Co-π-tree addresses two linked obstacles in human-AI collaboration: opaque MARL policies and expensive online LLM decision making.
Challenge 1: Opacity
MARL policies are fast but hard to inspect, audit, or locally revise.
Co-π-tree: represents behavior as explicit branch-level rules.
Challenge 2: Latency
Online LLM agents repeatedly query the model during execution.
Co-π-tree: distills reasoning into code and executes it directly.
Challenge 3: Feedback
Sparse rewards do not reveal which local decision caused failure.
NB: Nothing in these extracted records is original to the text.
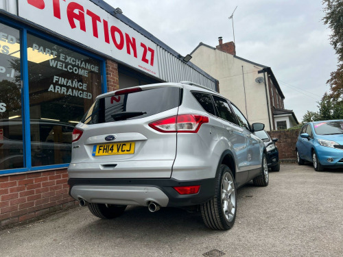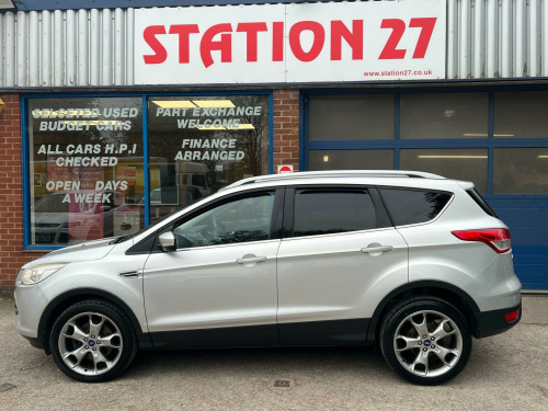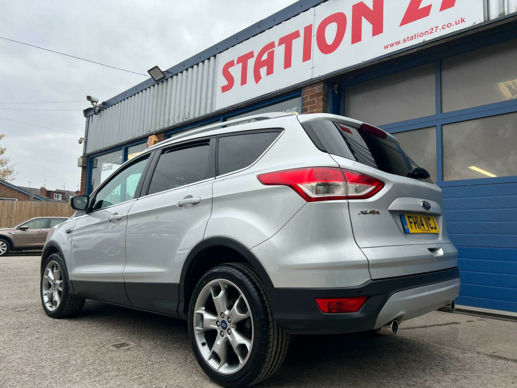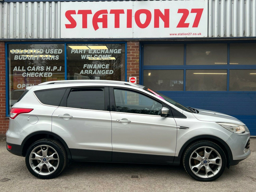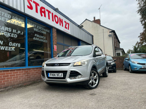 This 2014 Ford Kuga TDCi Titanium presents an exceptional opportunity with its remarkably low mileage of just 61,949 miles for its age, a clear vehicle history check, and an MOT valid until September 2026. Last serviced on 18th October 2025 at 61,949 miles, this 2.0L diesel model comes with a 6 month warranty for your peace of mind. The Titanium trim level ensures a well equipped driving experience, featuring rear parking sensors with parking assistance, dual zone electronic automatic climate control, and automatic headlights for added convenience.Enjoy the benefits of Bluetooth handsfree and voice control, making calls and managing your music safely on the go. This Kuga also boasts impressive fuel economy, achieving a highlight of 53 mpg, which, combined with its low CO2 emissions and low insurance group, indicates it is a more economical choice compared to similar vehicles. The front passenger seat offers manual fore and aft adjustment, further enhancing comfort for all occupants.www.station27.co.uk Are delighted to offer this 2014 Ford Kuga for sale with only 61949 Genuine miles, our car comes with;- 6 MONTH NATIONWIDE WARRANTY- MOT SEPTEMBER 2026 WITH NO ADVISORIES- SERVICE HISTORY- LAST SERVICED IN OCTOBER BY OURSELVES - BOTH REMOTE KEYS - FULL SET OF CARPET MATSOur Ford Kuga comes with comprehensive service history and has been serviced at 9789 miles, 18679 miles, 23806 miles, 28805 miles, 45244 miles and at 61949 miles by ourselves in October 2025. This also has an Mot until September 2026 with no advisories and both remote keys. Ready to drive home today. Nice spec with a Sony DAB stereo, Bluetooth phone and audio connection and front & rear parking sensors. rking sensor - rear, partial leather - vector - charcoal black, 17in alloy wheels, 4.2in tft display, abs - anti-lock braking system, aux connection, air conditioning - dual zone electronic automatic temperature control, airbags - drivers knee, airbags - front passenger, airbags - front and 2nd row curtain, airbags - side impact, alarm - thatcham category 1 with volume sensing and perimeter, audible text messaging, automatic dimming rear view mirror, automatic rain sensing wipers, bluetooth handsfree and voice control, body colour exterior mirrors, bounce-back sensors, courtesy light - footwell illumination, courtesy light - front and rear reading lights, cruise control with speed limiter, daytime running lamps, door handles - body colour, door lever - aluminium, door mirrors - electrically operated and heated, door mirrors - puddle lights, door mirrors with integrated indicators, drivers airbag, drivers seat lumbar support, eba - emergency brake assist, ebd - electronic brakeforce distribution, epas - electric power assisted steering, esp - electronic stability programme, electric windows - front and rear with one touch, emergency assistance, emergency brake warning, floor mats - carpet - front, ford easy-fuel capless refuelling system, ford power engine start-stop button, front fog lights, front fully adjustable 4 way head restraints, front seat - passengers manual fore-aft adjustment, front seat - passengers manual lumbar support adjustment, front upper grille - high-gloss black with chrome bar, gearshift knob - leather, hla - hill launch assist, headlights - automatic, headlights - courtesy delay, heated front windscreen, heated washer jets, ips - intelligent protection system, isofix, large stowage bin, load compartment - tie down hooks, locking wheel nuts, portable audio device connector, rsc - roll stability control, rear seat - folding centre armrest with 2 integrated cup holders and flip up storage, rear spoiler - body colour, remote central locking, scuff plates  - front-stainless steel, seats - 60-40 rear split back, seats - drivers manual height and fore-aft adjustment, seats - front sports, sony dab digital radio, sony radio cd with 8 speakers - mp3 compatible, spare wheel - mini steel, speakers - x8, steering column - rake and reach adjustment, steering wheel - 4 spoke leather trimmed, steering wheel - multifunction, storage - upper instrument panel, stowage pockets - front seatback, tft display screen, tsc - trailer stability programme, tvc - torque vectoring control, tinted glass - green, traction control - tc, twin exhaust outlet, two 12v power socket, usb connection, variable dimming of instrument cluster and radio screen display, variable sensitivity adjustment
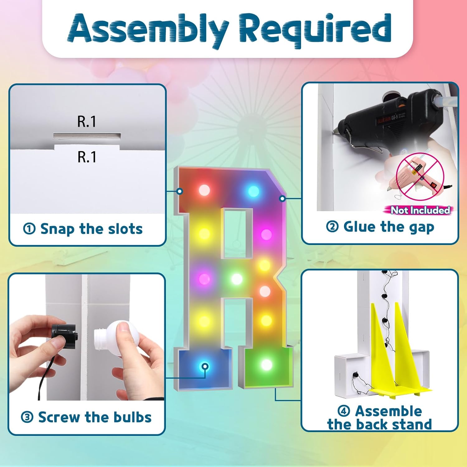 - Assembly Required. To assemble the light up numbers and letters, a hot glue gun is necessary. We have conveniently pre-cut the numbers into several pieces for your convenience. Simply consult the included instruction manual to easily assemble the impressive 4 ft tall and 3ft tall marquee numbers and letters using a hot glue gun.
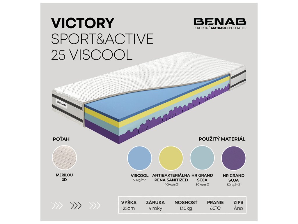 Matrac Victory Sport&Active 25 Viscool je hi-end matrac s modernou pamäťovou penou Viscool, ktorá sa prispôsobí telu a vďaka rýchlejšiemu odvádzaniu tepla zabraňuje prehrievaniu. Jadro tvorí kombinácia technologicky pokročilých pien Sanitized® a Grand-Soya, ktoré poskytujú vysokú hygienu a podporujú zdravý spánok.
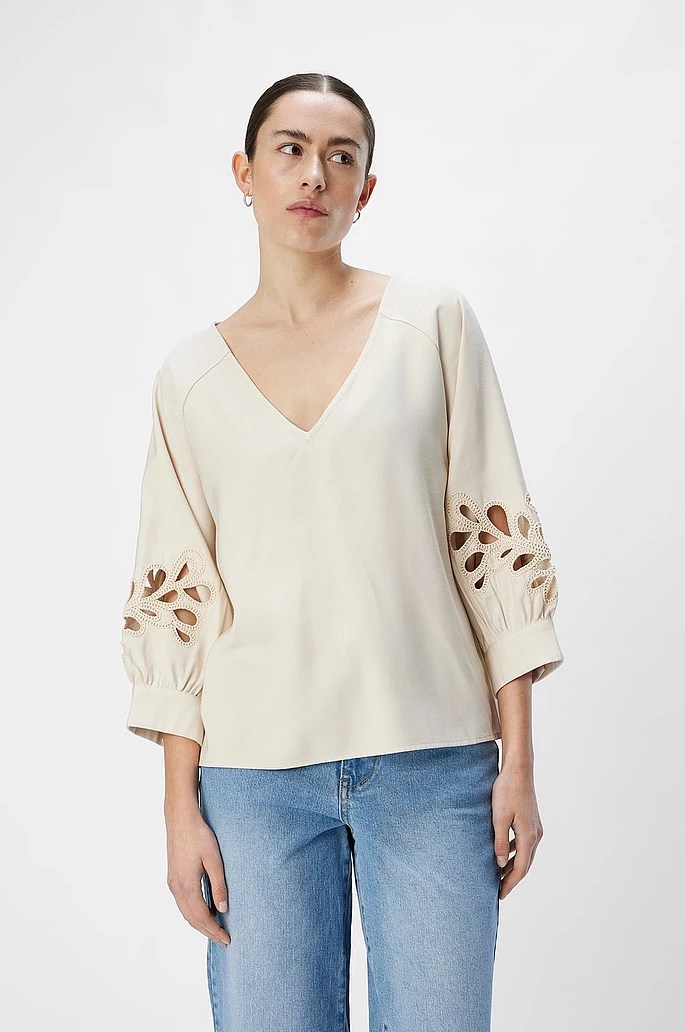 The OBJECT Maiken Sleeve Detail Blouse is a loose-fitting, sandshell-colored top designed with a V-neckline and three-quarter raglan sleeves. The standout feature is the laser-cut floral embroidery on the sleeves near the cuffs, which are gently gathered for a subtle puff effect. Casual yet refined, this blouse is easy to style with jeans or tailored bottoms.
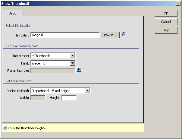 The Show Thumbnail server behavior allows you to display dynamic thumbnail images in your site pages. Before applying it, a recordset must be created in your Dreamweaver page. This recordset should contain the image/thumbnail names in one of its fields.
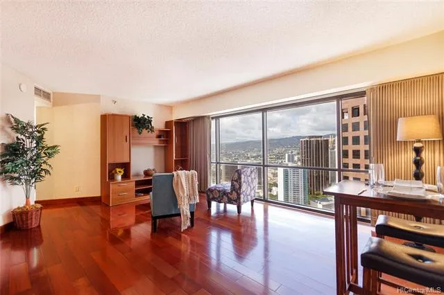 Located in downtown Honolulu's financial district, this apartment has it all. Convenience at your doorstep and the perfect downtown walk/work from home location with a dedicated parking stall. Walk to Longs, Ross, 24 Fitness, Walmart and numberous downtown and Chinatown eateries. Unlike many units in the building this is truly a one bedroom apartment with storage and closets and not a large studio. The windows in both the living room and bedroom provide breathtaking views of the harbor, ocean, mountains and city. No need to wait in line for the community laundry as this unit has its own washer and dryer. An updated full kitchen as well as an updated bathroom with a walk-in shower complete your home. The living room and kitchen have gorgeous Brazilian Cherry engineered wood flooring. Perfect as a residence or investment property.

Co-π-tree: uses execution traces to revise problematic branches.
Policy Construction
The planner generates a two-component policy tree. The
partner-behavior prediction tree estimates the teammate's likely
behavior, and the agent-action selection tree chooses the controlled
agent's action conditioned on that prediction. A coder translates the
textual tree into executable Python while preserving explicit
if/elif branches.
Partner Prediction Tree
Predicts likely partner behavior from a grounded scene state, recent interaction history, and task progress.
Action Selection Tree
Chooses a complementary action conditioned on the same scene state and the predicted partner behavior.
Environment Grounding
Tensor states are converted into readable semantic fields describing task progress, object status, agent locations, and partner behavior. The executor maps high-level tree actions such as picking up onions or delivering soup into feasible movement and interaction commands.
Policy Refinement
Candidate policies are evaluated through partner interaction. The resulting trace records scene states, execution feasibility, predicted partner behavior, and realized partner behavior. A summarizer turns this feedback into localized reflection, allowing the planner to revise weak branches while preserving effective behavior elsewhere.
Contributions
- Interpretable policy-tree structure: partner prediction and action selection are represented as explicit decision branches.
- Closed-loop distillation: LLM reasoning is distilled into executable code and improved through interaction feedback.
- Efficient deployment: once learned, the policy tree runs without querying an LLM at every decision step.